Applies node affinity rules to prioritize scheduling the map service pods on nodes with high CPU and memory resources. This ensures that the map service can handle the surge in traffic:
Type—Preferred
Key—high-performance
Operator—Exists
Value—true
Applies a toleration to the pods for the critical map service, allowing them to be scheduled on nodes tainted for high-performance workloads.
Effect—NoSchedule
Key—workload
Operator—Equal
Value—high-performance
Taints high-performance nodes with workload=high-performance:NoSchedule to prevent less critical pods without the matching toleration from being scheduled on the node. This ensures there will be room on the high performance nodes to schedule the pods for services related to the event.
Scenario 2: Data processing for environmental monitoring
An environmental agency is running a series of geospatial analyses to monitor changes in land use. The analysis requires significant computational resources, and the agency has dedicated nodes with GPUs for this purpose. To ensure that the geospatial analysis runs effectively without competing for resources with other services, the organization administrator:
Adds the key/value label gpu: true to GPU enabled nodes.
Applies node affinity rules to schedule the analysis pods only on the GPU nodes:
Type—Required
Key—gpu
Operator—In
Value—true
Applies a toleration to the analysis pods, allowing them to be scheduled on the tainted GPU nodes:
Effect—NoSchedule
Key—workload
Operator—Equal
Value—high-resource
Taints GPU nodes with workload=high-resource:NoSchedule to prevent less resource-intensive pods without the matching toleration from being scheduled on the node. This ensures expensive GPU-enabled machines are only used for the analysis pods that need them.

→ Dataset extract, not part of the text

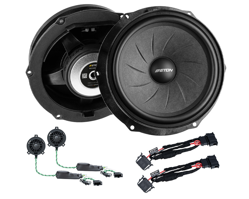1 x Eton UG-VAG180 + UG-VAG25 (Bestehend aus 2 Stück Hochton Lautsprecher, 2 Stück Tiefton Lautsprecher, 2 Stück Weichen (integriert/Extern)) 1 x Fahrzeugspezifisches Einbauset (siehe Bilder)
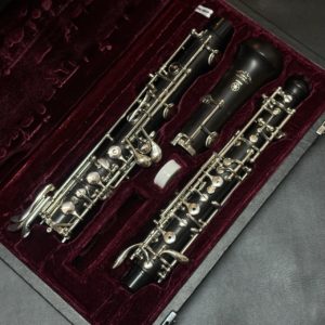 管体:銀製、キイ・ジョイント補強リング:洋銀製、カバードキイ、ピントップアーム、Eメカニズム付き、C足部管、銀メッキ仕上げ

Scenario 3: Resource optimization for shared feature services
A city's GIS department has numerous feature services that are not heavily used but collectively burden a single service deployment. The cluster contains premium nodes to ensure guaranteed quality of service for high priority services and nodes with lower resource availability for low priority services. To ensure these low-priority feature services are preferentially scheduled on the less expensive nodes, the organization administrator:
Configures the nodes with lower resource availability with the key resource-constrained.
Applies node affinity rules for feature service pods to prioritize scheduling on nodes with lower resource availability:
Type—Preferred
Key—resource-constrained
Operator—DoesNotExist
Applies tolerations on feature service pods to ensure they can be scheduled on tainted nodes despite constraints:
Effect—PreferNoSchedule
Key—resource-constrained
Operator—Exists
Taints the nodes with lower resource availability with resource-constrained:PreferNoSchedule.
Scenario 4: Prevent data store disruption during cluster scaling
A national government has a service usage pattern where services are heavily used during daytime hours. This pattern requires a large number of cluster nodes to support the all the pod replicas needed for these services. Because the services are not used at night, the organization would like to scale down the number of nodes to save on their cloud compute costs. Terminating nodes where stateful system managed data store pods are running, however, creates risk of disrupting ArcGIS Enterprise. To prevent this potential disruption, the organization administrator:
Creates a separate node group.
Adds the key/value label data-store: true to each node in the group.
Applies node affinity rules to ensure data store pods are scheduled on nodes in this group
Type—Required
Key—data-store
Operator—In
Value—true
Applies a toleration to the stateful data store pods, allowing them to run on the tainted data store nodes:
Effect—NoSchedule
Key—workload
Operator—Equal
Value—data-store
Taints data store nodes with workload=data-store:NoSchedule to prevent stateless pods without the matching toleration from being scheduled on the node. This ensures there is room on the data store nodes to schedule all the stateful data store pods.
Does not scale down the data store node group when scaling down cluster nodes at night. Because all the stateful data store pods are in this node group, they are not affected by scaling down the other node groups.